For this assignment, you'll create a single Web page that will be your personal home page for this course. It will serve to introduce you to me and your classmates—both verbally and visually—and to provide links to all your class projects and exercises, as well as to external Web sites that you would like to collect for yourself and your classmates.

You may also use this page as your general, personal home page if you don't have one already.

A Concept: Present Yourself as a "Round" Character

The central goal of your PCHP—beyond creating what for many of you will be your first Web page—is to arouse interest by presenting yourself as a unified but "round character," as opposed to a "flat character" or a diffuse non-character.

First conceived by novelist E.M. Forster, a

  • Flat character in fiction is one dimensional, and can be summed up simply in a single sentence, while a
  • Round character has multiple sides that imply a more fundamental, sometimes-unstated unity.
  • Diffuse characters (not Forester's term) are presented with so many sides or traits that they don't add up to the unified sense of a person.

These types of fictional characters suggest choices in conceiving your PCHP:

no turn imageFlat PCHP: On a personal Web site like the PCHP, a flat-character style of presentation emphasizes only one interest, passion, personality trait, identity, aspiration, etc. Example: "I love Star Wars" or "I'm a typical college student." Such a site will come across as a Star Wars tribute site or a list of college cliches, rather than presenting a sense of the site's creator as an individual person. The site is strongly unified, but the person behind it appears obsessive and flat, as if his/her humanity has been consumed by the single theme.

right arrow image Round PCHP: A round-character style of presentation features two or three topics that are intentionally selected to suggest an understanding about the person behind the site.

no turn imageDiffuse PCHP: A site that includes all sorts of items or themes—for example, being an Engineering major, a snapshot from a Colorado vacation, snowmobiling in Northern Minnesota, loving Star Wars, picture of boy/girlfriend, top-ten list of best Minnesota golf courses—present such a diffuse sense of the person that the site feels like a grab-bag of topics which obscures rather than suggesting the person behind it.

What distinguishes a round character from a flat one isn't the number of traits or topics described, but how they seem to relate to one another.

Examples of round-character concepts in which different, even contradictory-seeming traits, relate to each other to create a unifying concept or story:

  • how Star Wars led me to become an Engineering major,
  • I was born and raised in Florida, but I love living in Northern Minnesota,
  • Twin Passions: Shoes and Aircraft, etc.
  • being a scholar and drinking coffee (see the preamble on Christian Sandvig's home page)

In creating this sense of yourself via a concept, you're not required to reveal anything private about yourself, or even tell the truth.

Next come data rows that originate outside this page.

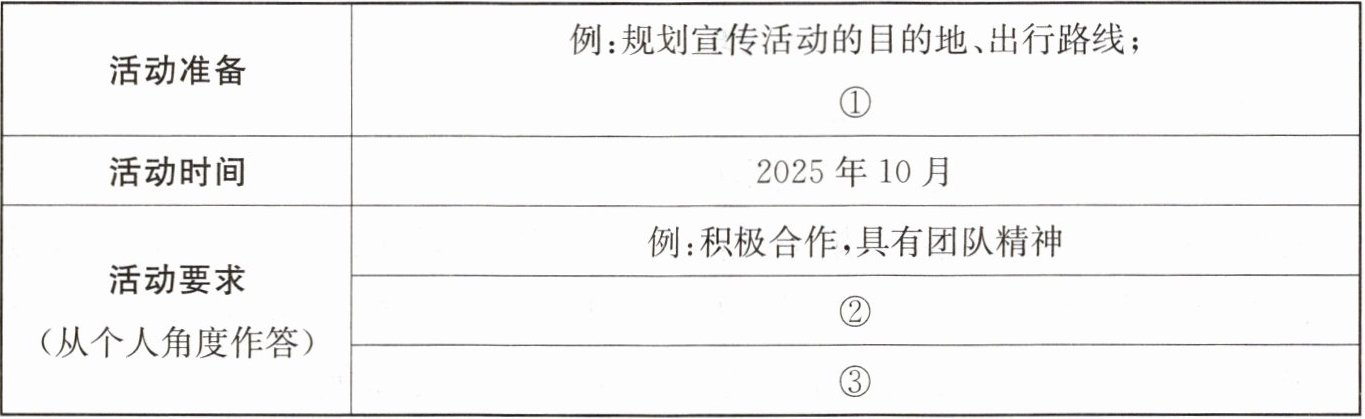 | 活动准备 | 例:规划宣传活动的目的地、出行路线;① |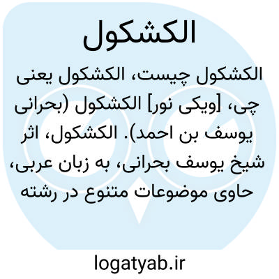 [ویکی نور] الکشکول (بحرانی یوسف بن احمد). الکشکول، اثر شیخ یوسف بحرانی، به زبان عربی، حاوی موضوعات متنوع در رشته های مختلف علمی است. این کتاب، گر چه به این نام مشهور است، ولی نام اصلی آن، طبق گفته مؤلف، «انیس المسافر و جلیس الخاطر» می باشد.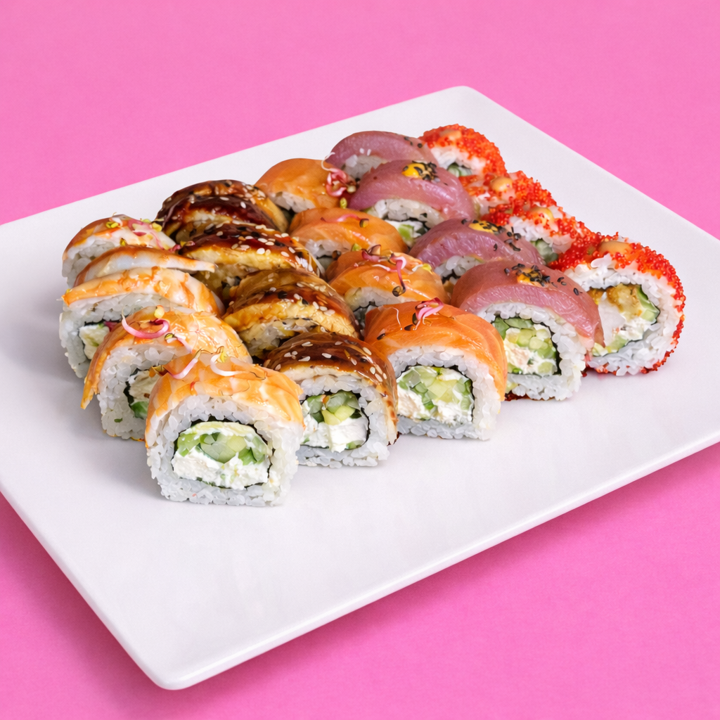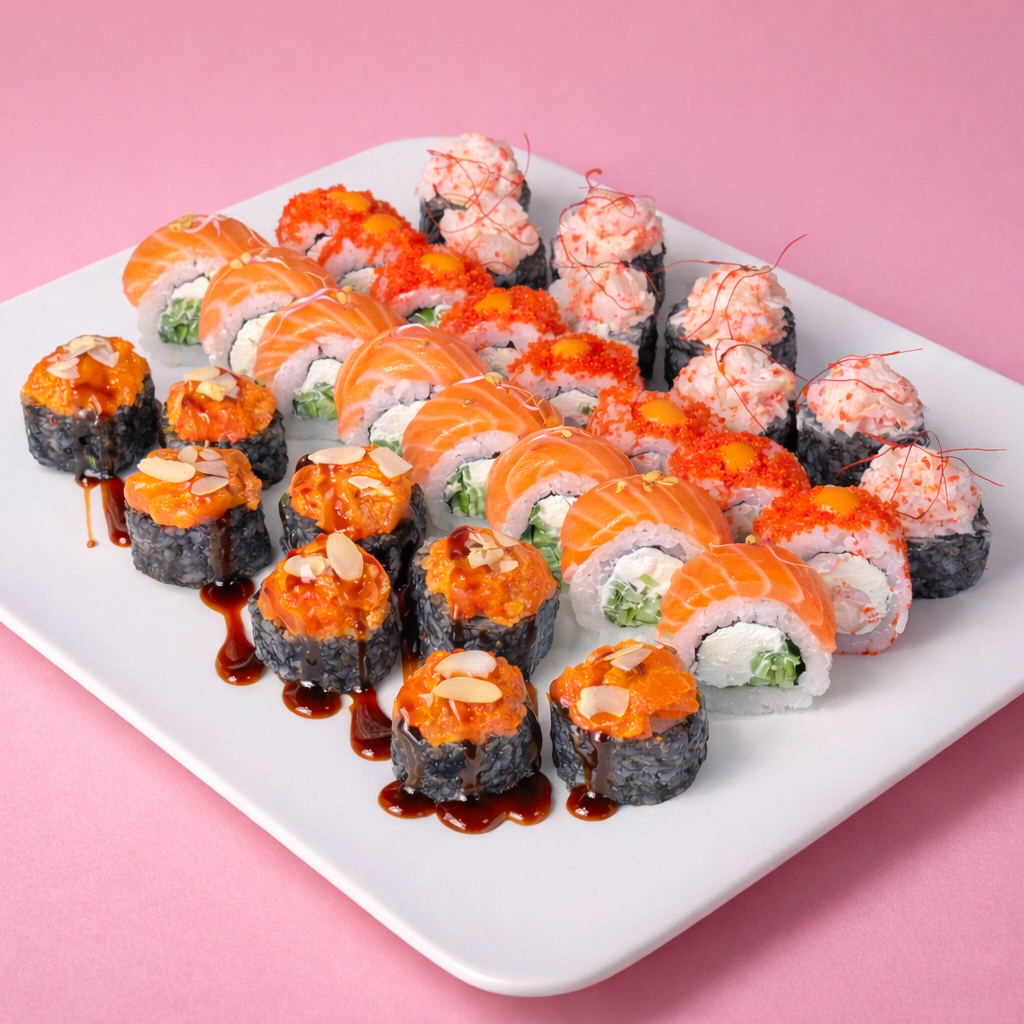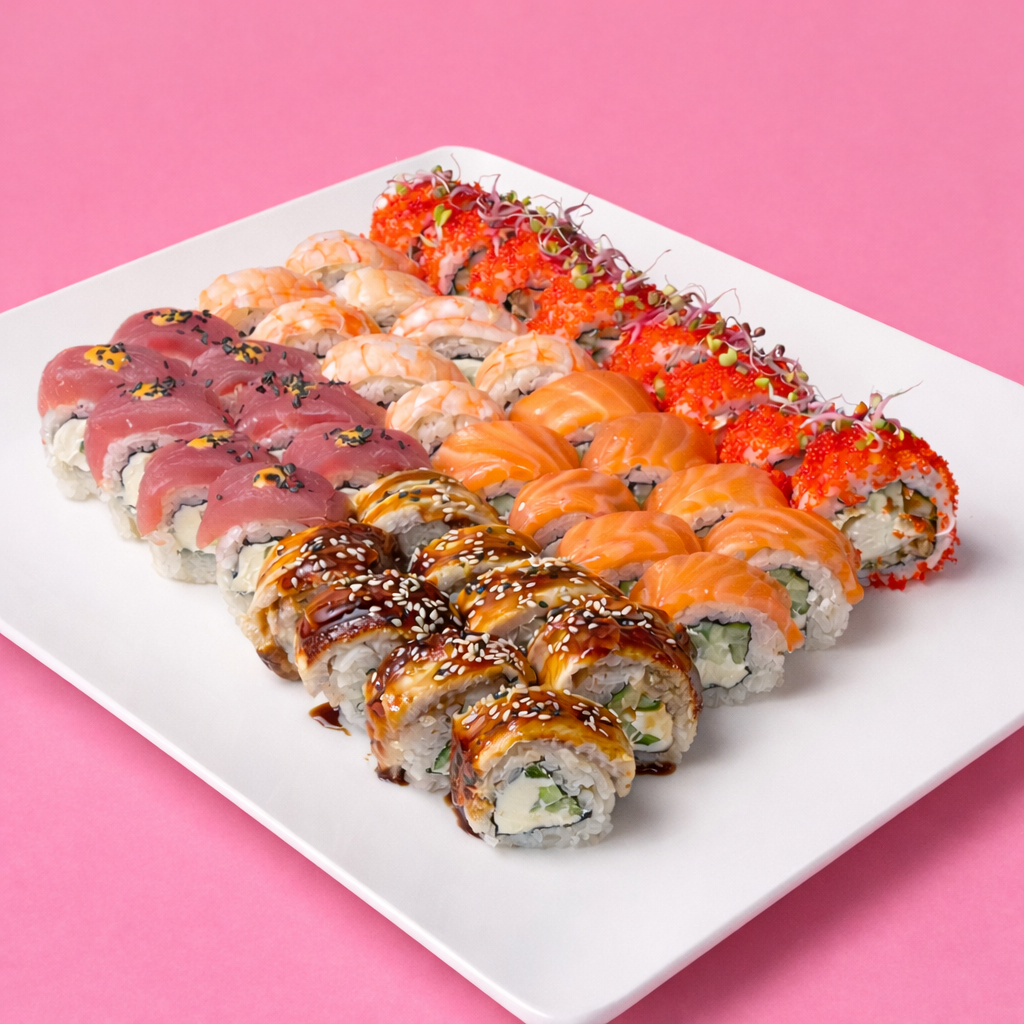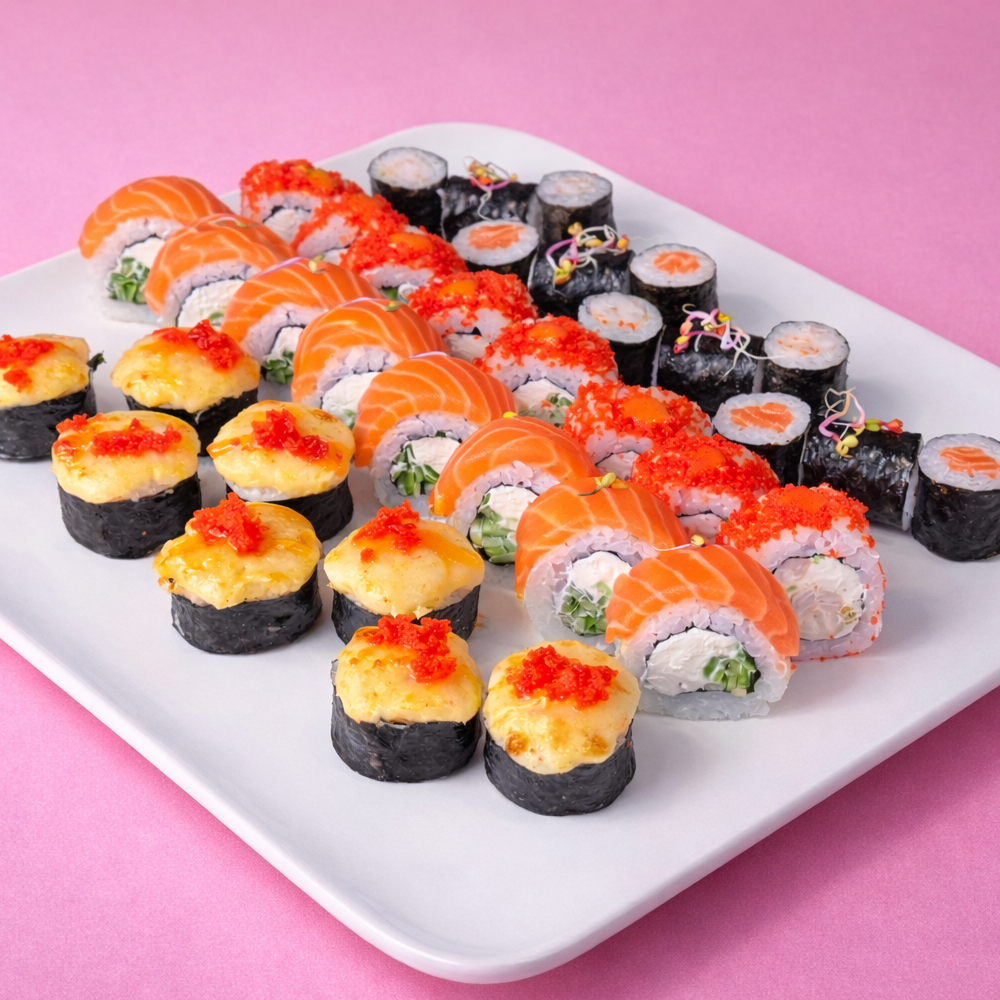 Найчастіше набори суші та ролів замовляють, коли збирається компанія близьких людей. На нашому сайті ви знайдете сети різного об‘єму. Навіть якщо зібралось багато людей, ви знайдете у нас варіант суші-сету і на цей випадок. Наші майстри створили набір вагою 1,5 кг. Тому більше не потрібно нести з магазину багато їжі незрозумілої якості та смаку. Достатньо зробити лише одне замовлення і через деякий час насолоджуватись екзотичним частуванням разом з друзями, у якому кожен знайде щось собі до смаку.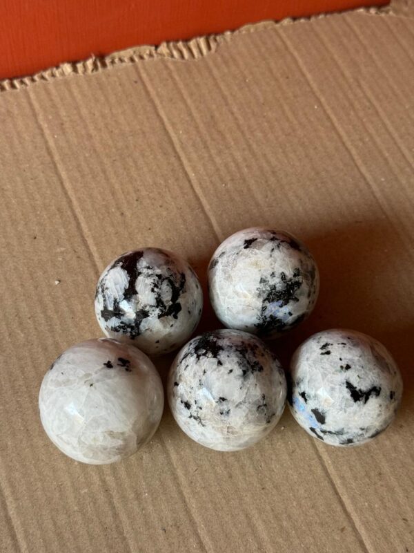 Rainbow Moonstone is a variety of Feldspar known for its iridescent sheen and captivating play of colors, reminiscent of moonlight shimmering on water. It typically exhibits a milky-white to translucent appearance with flashes of blue, purple, pink, and other hues when viewed from different angles. Rainbow Moonstone is revered for its ethereal beauty and metaphysical properties, making it a popular choice for jewelry and spiritual practices. When crafted into spheres, Rainbow Moonstone’s natural allure and energetic benefits are enhanced, creating a mesmerizing crystal sphere.

Concept as a Design Scheme

Not everything on your page needs mechanically to echo your concept, but the major design choices and elements (for instance, the banner, major image, preamble, colors, background images, etc.) should re-enforce and carry out your concept. These design elements should "talk to" one another, and thus serve together to realize a "scheme."

A strong, conceptual design scheme creates a clear enough center of gravity so that you can also include other, non-concept topics without making your site thematically diffuse.

The concept will thus determine the choices you'll make about the visual and verbal content, and how you present them.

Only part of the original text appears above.